Add a Kubernetes Cluster
Before you begin
This step requires:
- A Kubernetes cluster with cluster admin permissions
kubectlconfigured to access your cluster
If you don't have a Kubernetes cluster, you can create a local cluster using kind:
kind create cluster --name "cluster-1"
Bootstrap the cluster
Run the following command to bootstrap your cluster with Defakto:
./spirlctl cluster add "cluster-1" --trust-domain "example.com" --platform k8s \
--kube-context $(kubectl config current-context)
If you have more than one kubeconfig context, spirlctl will prompt you to pick one interactively. Pass --kube-context <name> to skip the prompt, as shown above.
Once complete, the above step will have done the following:
- Registered your Kubernetes cluster with Defakto.
- Within your cluster, created a new namespace (
spirl-system) to run the required Defakto components. - Deployed the following Defakto components:
- The admission controller, which automatically exposes the Defakto agent to your pods.
- The CSI Driver, which facilitates injection of the SPIFFE Workload API to your workloads.
- The Agent, which runs alongside your workloads to grant them SPIFFE SVIDs.
That’s it!
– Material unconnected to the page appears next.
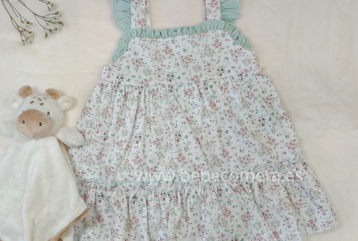 Vestido de tirantes con estampado floral y volantes en tono verde claro 100% algodón.

Defakto is now running. Any pod you deploy with the label k8s.spirl.com/spiffe-csi: enabled will have a SPIFFE Workload API socket automatically injected, with an X.509-SVID and JWT-SVID made available. To see it in action, continue to deploy a SPIFFE demo app.
Optional: Repeat the above command with a different cluster name and kubectl context to add more Kubernetes clusters to the example.com trust domain.